The 'High Use' group have the highest median distance travelled in a day together with a wide spread. Again, displaying that each user in this group are active but varied in their physical activities. We can see extreme outliers travelling 26-30km on Saturday and Sunday, very likely running marathons. And another grouping between 14-20km, most likely long runs.
The 'Moderate Use' group are also consistent in their daily distance travelled although noticeably lower than the 'Higher Use' group. Once again, Wednesdays are the most active weekday, and Saturdays are the most active out of all the week.
The 'Low Use' group does not display any habitual patterns of activity.

6. Activity Minutes Comparison

Here, we will analyse how activity minutes and pattern differs across the different Usage Groups. This dataset designates every non-sleeping minute of the day into four different intensities - Sedentary Minutes, Lightly Active Minutes, Fairly Active Minutes and Very Active Minutes.

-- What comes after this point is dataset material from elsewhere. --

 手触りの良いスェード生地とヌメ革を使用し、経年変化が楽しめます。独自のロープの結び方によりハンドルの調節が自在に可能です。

These states of activity are based on their MET ratings. A MET is a ratio of your working metabolic rate relative to your resting metabolic rate. Metabolic rate is the rate of energy expended per unit of time. It’s one way to describe the intensity of an exercise or activity.

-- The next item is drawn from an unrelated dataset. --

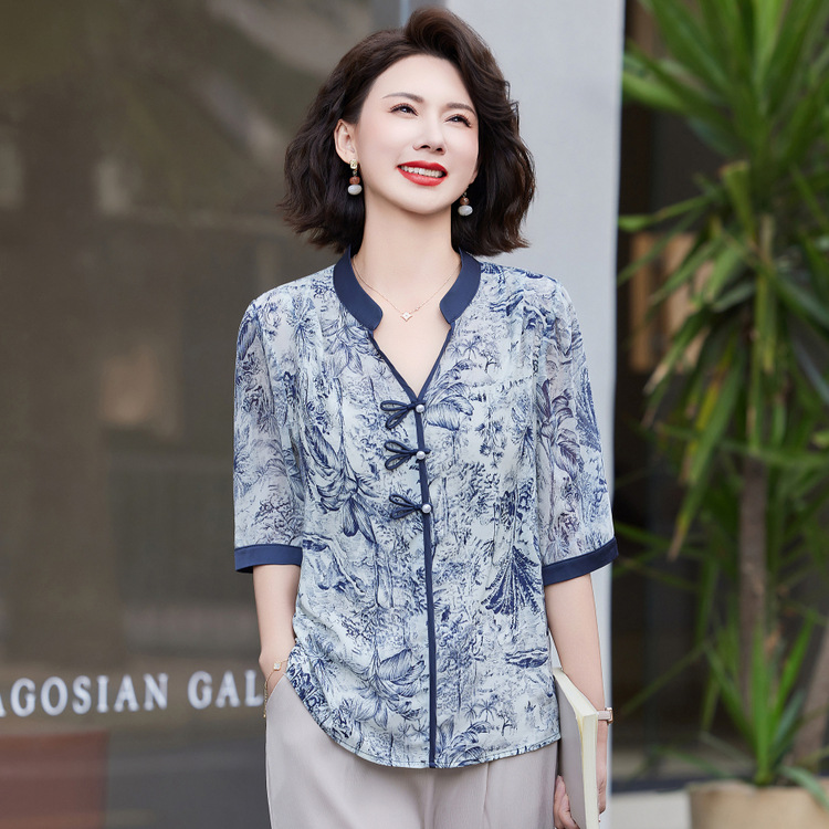 Kaus sifon elegan ibu dan lansia, atasan lengan pendek musim panas modis kecil 2022

One MET is the energy you spend sitting at rest — your resting or basal metabolic rate. So, an activity with a MET value of 4 means you’re exerting four times the energy than you would if you were sitting still.To put it in perspective, a brisk walk at 3 or 4 miles per hour has a value of 4 METs. Jumping rope, which is a more vigorous activity, has a MET value of 12.3

Sedentary Minutes - < 1.5 METs
Lightly Active Minutes - Between 1.5 - 3 METs
Fairly Active Minutes - Between 3 - 6 METs
Very Active Minutes - > 6 METs

#data transformation to obtain total_minutes_worn
daily_activity_usage <- daily_activity %>% 
  left_join(daily_use2, by = 'id','date') %>% 
  mutate(day = format(ymd(date), format = '%a')) %>% 
  mutate(total_minutes_worn = sedentary_minutes+lightly_active_minutes+
           fairly_active_minutes+very_active_minutes) %>% 
  mutate(total_hours = seconds_to_period(total_minutes_worn * 60))
head(daily_activity_usage,3)

6.1. All Activity Minutes Distribution

Here, the daily_activity_usage is further manipulated to obtain how the four states of activity differ across 'Usage Groups'. I will create 4 different sets of data frames consisting of the activity minutes for the 'High Use','Moderate Use','Low Use' and 'All' groups. Each data frame will create 4 separate pie charts showing how each 'Usage Group' spend a portion of their day in each of the four states.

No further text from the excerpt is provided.